How to move a self hosted #WordPress blog to WordPress.com

I migrated my coldstreams.com blog to coldstreams.wordpress.com and the old web site automatically redirects to the new URL.

In theory, this process is simple – but getting it done right was complicated.

The hard part was getting the redirection to work for all cases. If you just want to redirect coldstreams.com to coldstreams.wordpress.com – that is easy!

But that redirects all references to coldstreams.com to the new URL.

  • What do you do if you still want to access other directories on your old web site like coldstreams.com/thesis or coldstreams.com/public?
  • If you have links on other pages that point to the old self hosted blog like coldstreams.com/?p=11074 you want those to still point to coldstreams.com and not the new URL. How do you do that?

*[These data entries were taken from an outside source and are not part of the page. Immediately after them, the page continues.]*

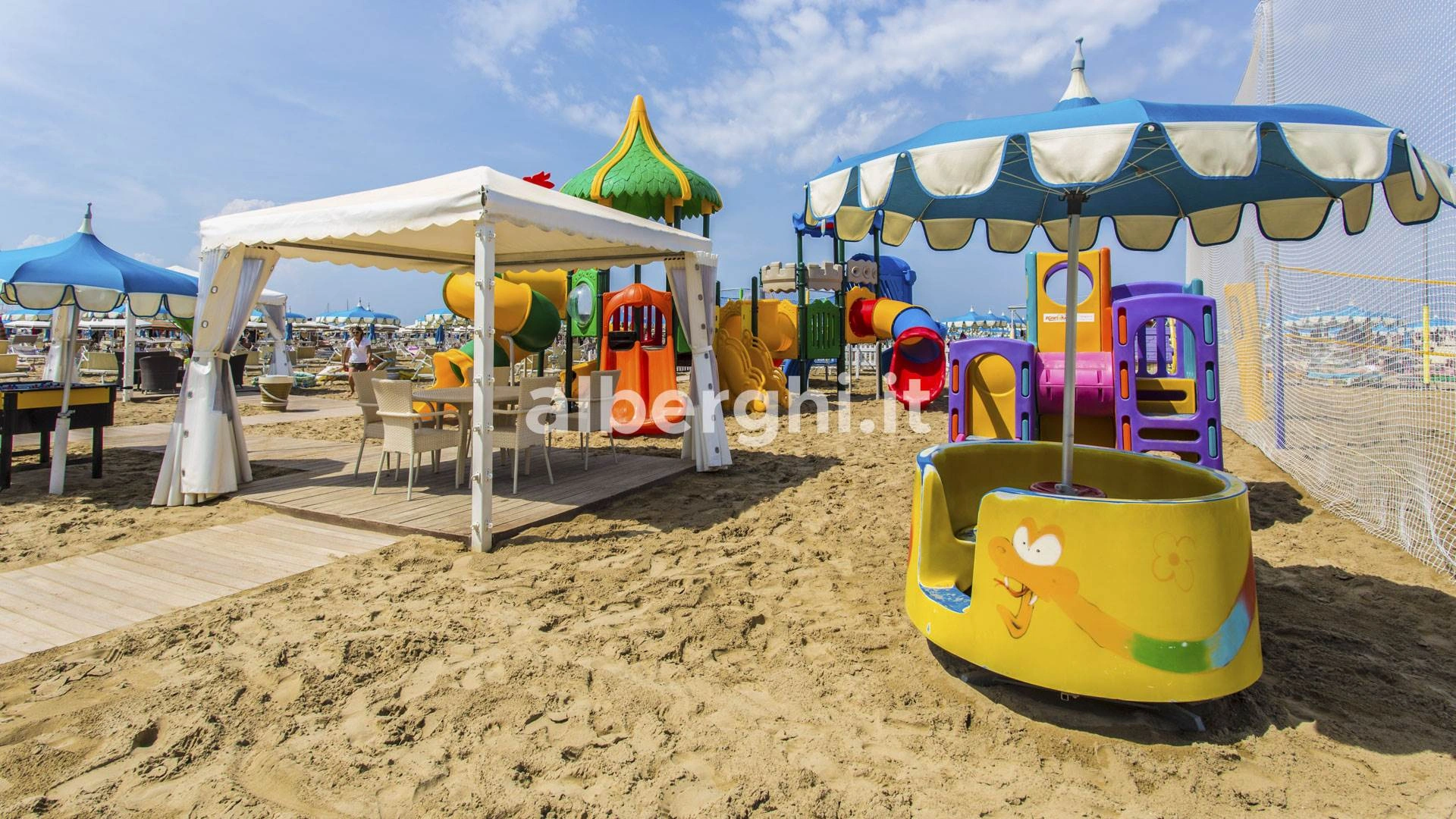 Am Strand: Spielplatz, Unterhaltung, Kindergarten, Baby- und Miniclub.
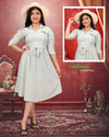 The design features a classic shirt collar paired with a partial button-down front, offering a clean and structured look. The three-quarter puff sleeves with gathered shoulders add a feminine touch, enhancing the dress’s graceful appeal. A small chest patch detail gives it a modern edge, while the knee-length hemline keeps it versatile and wearable. The dress flows effortlessly, providing ease of movement and all-day comfort.
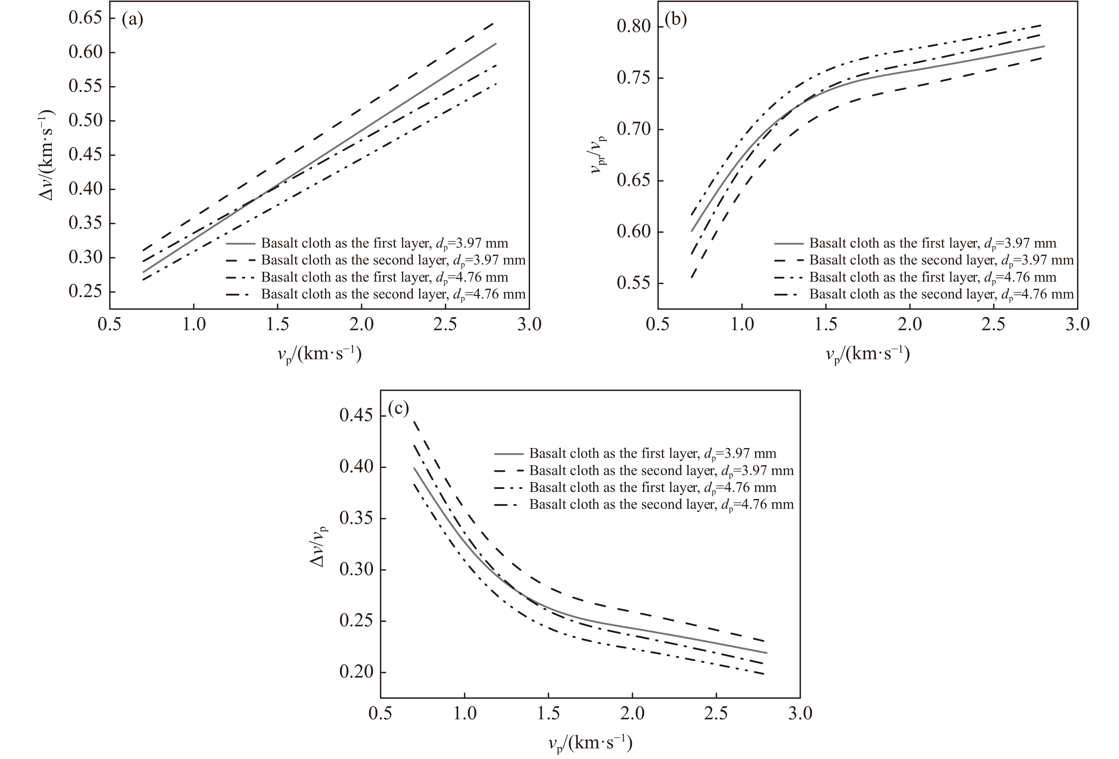 No. vp/(km·s−1) Rear wall damage ABA-1 1.49 No perforation, bulge ABA-2 1.68 No perforation, crack ABA-3 1.70 Material spalling, perforation ABA-4 1.74 Material spalling, perforation ABA-5 1.98 Central perforation ABA-6 2.72 Central perforation ABA-7 2.98 Central perforation ABA-8 3.65 No perforation, central cluster of craters BAA-1 1.51 No perforation, bulge BAA-2 1.71 Central perforation BAA-3 1.96 Central perforation BAA-4 2.18 Central perforation BAA-5 2.76 Central perforation BAA-6 3.30 Central perforation BAA-7 3.53 Central perforation AAA-1 1.52 No perforation, bulge AAA-2 1.79 Central perforation AAA-3 2.32 Central perforation WAA-1 1.53 No perforation, bulge WAA-2 1.66 Central perforation WAA-3 2.08 Central perforation 表 2 弹道极限速度的计算值和实验结果

The solution was to edit the .htaccess file on the Apache web server and implement a set of RewriteRules to translate some URLs but not others. Sounds simple but I am not a RewriteRules guru (never even looked at them before!) There is a lot of bad documentation available online plus forum Q&A that is wrong or insufficient. Getting the RewriteRules to work for me took hours of plowing through bad documentation plus trial and error.

Here I explain what I did. I  hope it is helpful for your WordPress migrations!

Step 1 – Migrate your content

After you set up your account at WordPress.com, migrate your content from your self hosted WordPress blog. Log in to your Dashboard (wp-admin) control panel and find Tools | Export and under Choose what to export, select All content and then Download Export File (to your computer).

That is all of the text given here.